As part of this BC Arts Council funded project, the publication Being Gooz! was produced that essays from UBC Okanagan Gallery Curator Stacey Koosel, artist, professor and UBCO Alumni Peter Morin, and the artist Whess Harman.

View Being Gooz!

Lossy: How to Save File for Future Transmission

June 11 to September 10, 2021, FINA Gallery

During Whess’s two week artist residency at UBC Okanagan, they experimented with new iterations or multiples of the Potlatch Punk series by thinking about the generational removal between language; linking to thoughts of digital data storage; file formats that will be less compatible with future softwares, how to recover and rebuild those files and look between the gaps. 

Whess Harman’s Potlatch Punk series showcases their multidisciplinary practice including beading, illustration, text and poetry using denim and motorcycle jackets as mediums of communication. Their ongoing Potlatch Punk series explores broader themes of homage, memory, identity and more specifically celebrates Indigenous identity, resistance, visibility, and interrogations of wealth. 

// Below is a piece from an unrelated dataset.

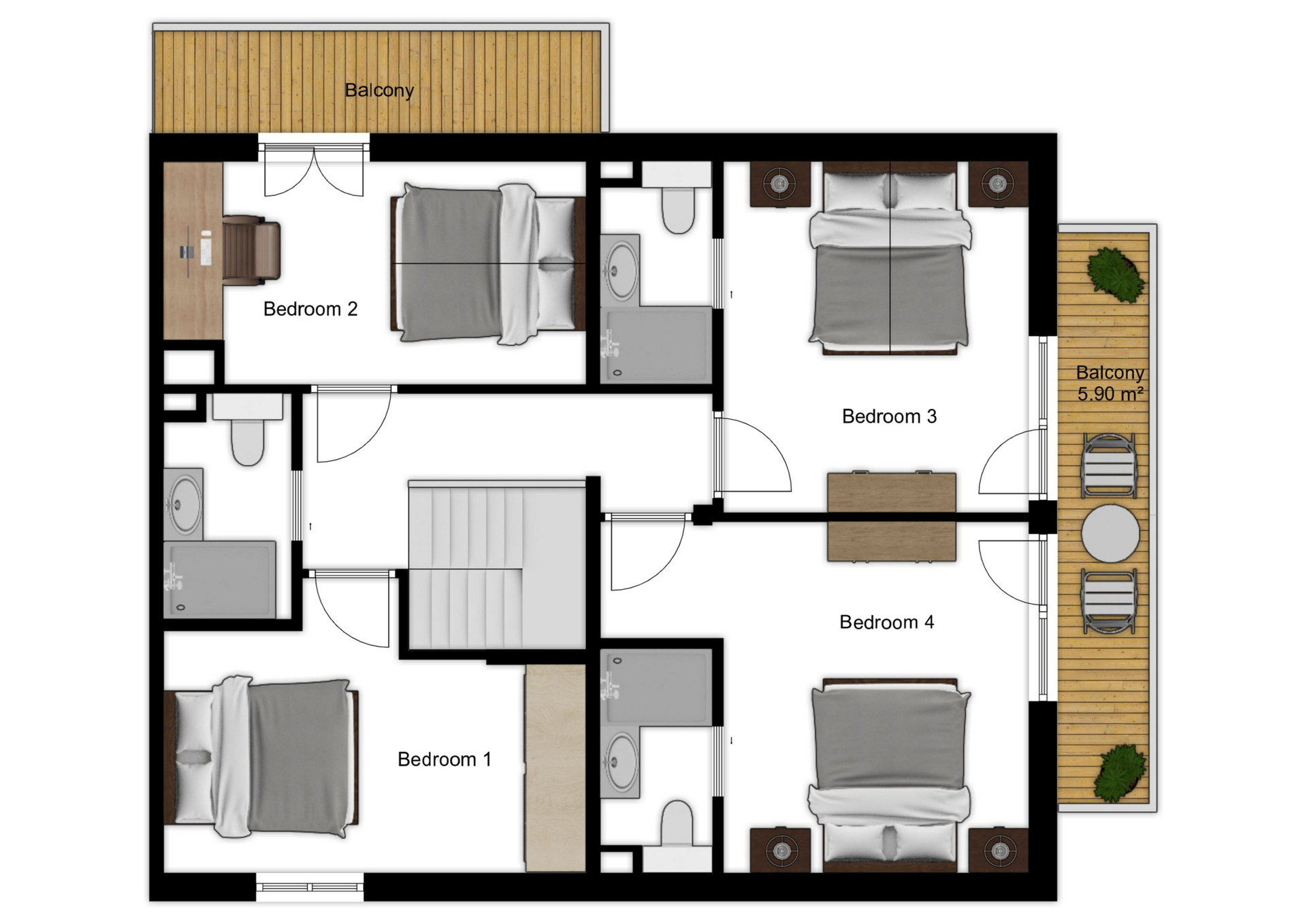 BEDROOMS Bedroom 1: Beds : Double bed only Shared Shower Room with bedroom 2 Bedroom 2: Beds : Double / Twin configuration possible Shared Shower Room with bedroom 1 Bedroom 3: Beds : Double / Twin configuration possible Ensuite shower room Bedroom 4: Beds : Double bed only Ensuite shower room

As Potlatch Punk grew in demand, Whess Harman experienced the jackets taking on a life of their own, from requests to purchase, loan, exhibit and commissioning new works the role of the artist morphed from creator to caretaker. A shift was required from the slow process of the traditional handiwork of beading and sewing to digital-age, punk influenced DIY, while preserving the joy of creating and sharing works with a wider audience. The results of that shift are the works currently on view at the FINA Gallery, Whess’s newest works Defrag editions (2021) produced during their residency and shown in the their first solo exhibition.